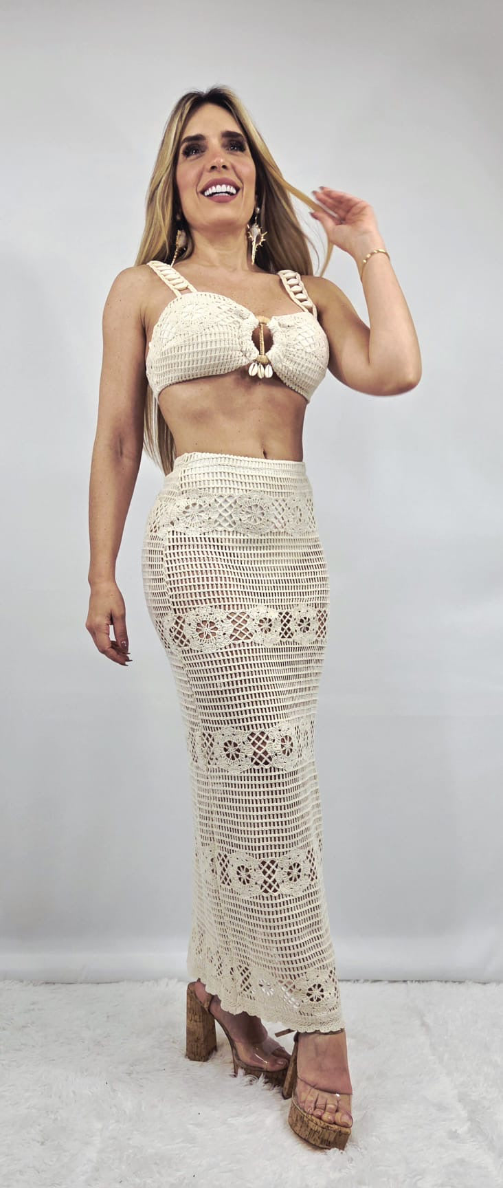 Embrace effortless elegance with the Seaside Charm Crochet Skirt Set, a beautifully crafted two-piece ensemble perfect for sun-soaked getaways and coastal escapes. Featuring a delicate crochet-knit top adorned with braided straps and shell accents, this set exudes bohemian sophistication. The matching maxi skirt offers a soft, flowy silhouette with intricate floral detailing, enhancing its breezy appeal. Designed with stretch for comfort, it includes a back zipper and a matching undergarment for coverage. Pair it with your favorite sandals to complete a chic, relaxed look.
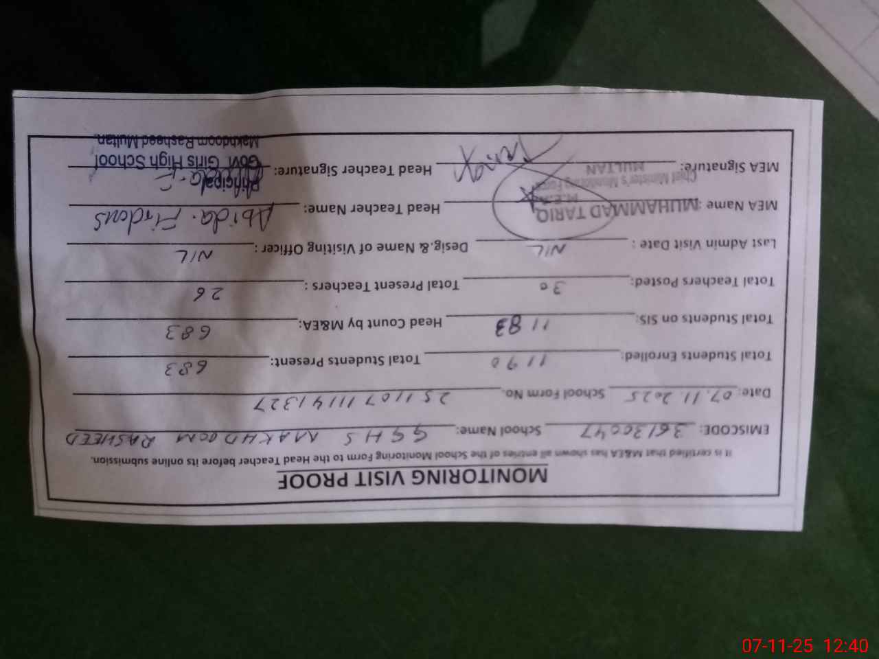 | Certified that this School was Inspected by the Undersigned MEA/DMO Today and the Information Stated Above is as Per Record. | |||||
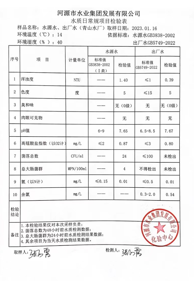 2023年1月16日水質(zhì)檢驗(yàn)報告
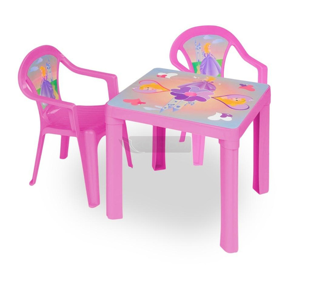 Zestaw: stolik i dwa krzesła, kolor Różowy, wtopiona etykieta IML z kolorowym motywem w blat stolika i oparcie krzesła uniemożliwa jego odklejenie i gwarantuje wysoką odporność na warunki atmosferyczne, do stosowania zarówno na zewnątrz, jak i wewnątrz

:: EXERCISE ::
Please copy the lines above, starting at the one that holds "2023年1月16日水質(zhì)檢驗(yàn)報告" and stopping after the last line, exactly as they appear and minus the pictures.

:: YOUR RESPONSE ::
 2023年1月16日水質(zhì)檢驗(yàn)報告
 Zestaw: stolik i dwa krzesła, kolor Różowy, wtopiona etykieta IML z kolorowym motywem w blat stolika i oparcie krzesła uniemożliwa jego odklejenie i gwarantuje wysoką odporność na warunki atmosferyczne, do stosowania zarówno na zewnątrz, jak i wewnątrz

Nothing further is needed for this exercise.